Three months after the Hopi group completed the sacred run, on June 16, 2006 the rain clouds began to roll in from the eastern Pacific, to Sinaloa, then the clouds moved up the lovely backbones of the Sierra Madre and the Sierra Madre Oriental all the while pouring the precious rain that brought relief from the drought.
In Tucson where the drought had lasted so long even the desert vegetation was beginning to die, the rain smell was intoxicating — I couldn’t work on this manuscript. I stood outdoors on the porch and watched the rain shimmering from ridge to ridge in the wind; sometimes in the mist I thought I saw tall figures of rain beings. I put out buckets and tubs to catch the rainwater for my plants and then I tried to videotape the rain until my hair and clothes were soaked.

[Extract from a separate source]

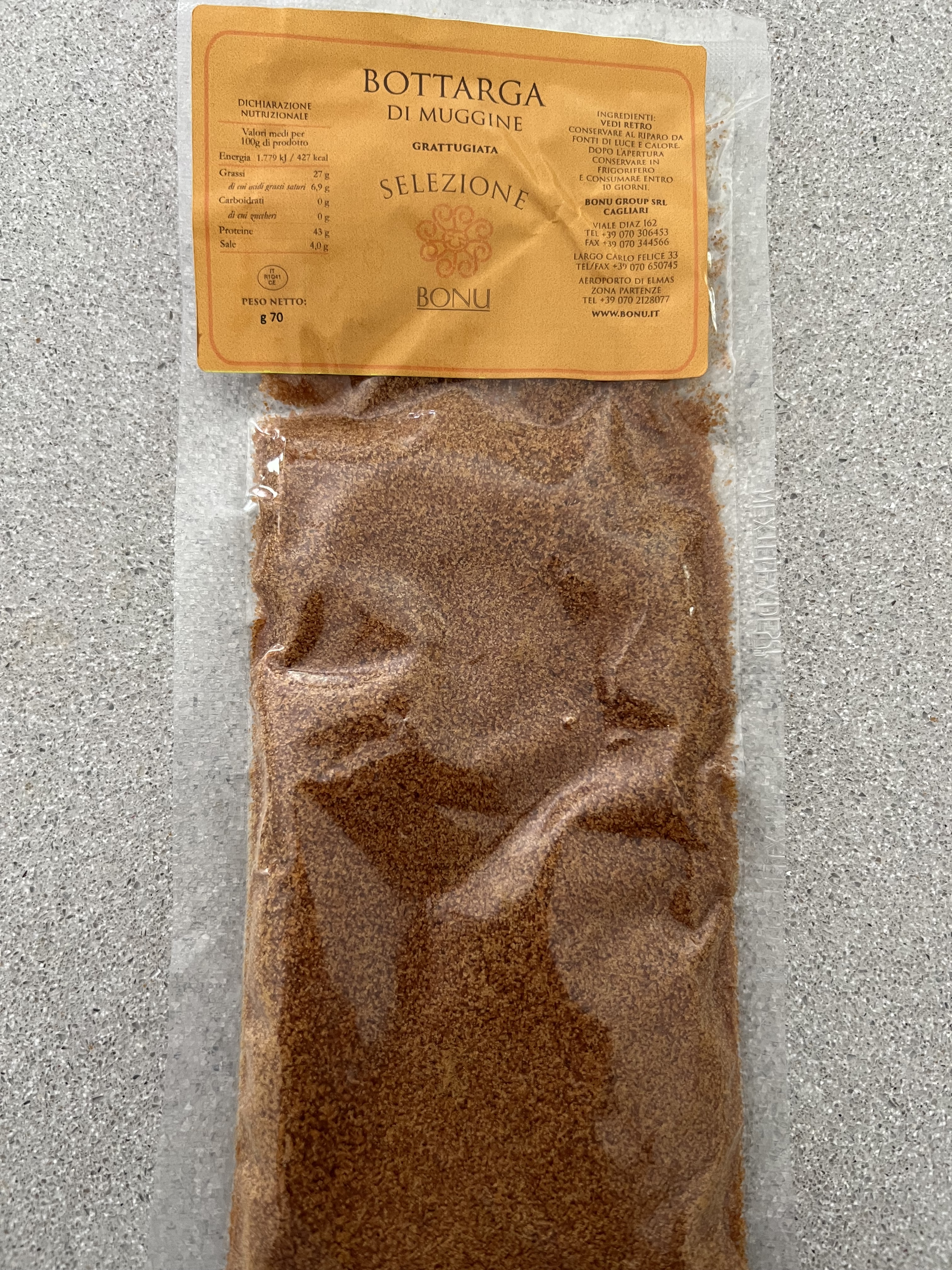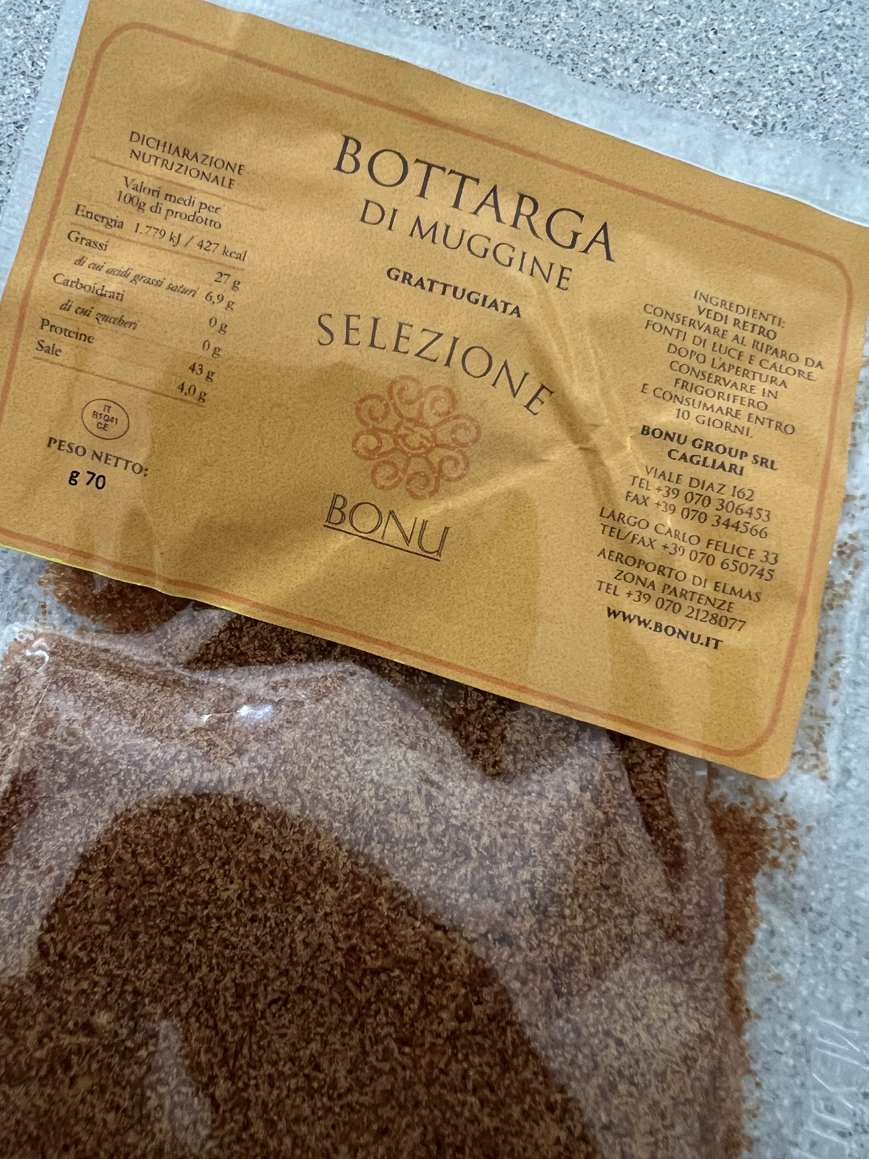 Very often, bottarga comes in a chunk, and you have to grate it yourself. But I received a packet of already grated bottarga as a gift, and I went online to find the most simple preparation I could find to highlight the flavors, not hide them.

For the next six weeks, the rain clouds gathered every day from Mexico City to as far north as the Hopi villages. El Paso and Las Cruces, New Mexico were flooded again and again. Chihuahua got more rain than anyone had seen in eighty years. Over and over the storms followed one path, the reverse of the path the Hopi runners took in March, from Mexico City through Ciudad Chihuahua, El Paso and Las Cruces. I noticed that oddly, Palm Springs, Las Vegas and Salt Lake City got no rain at all during that time.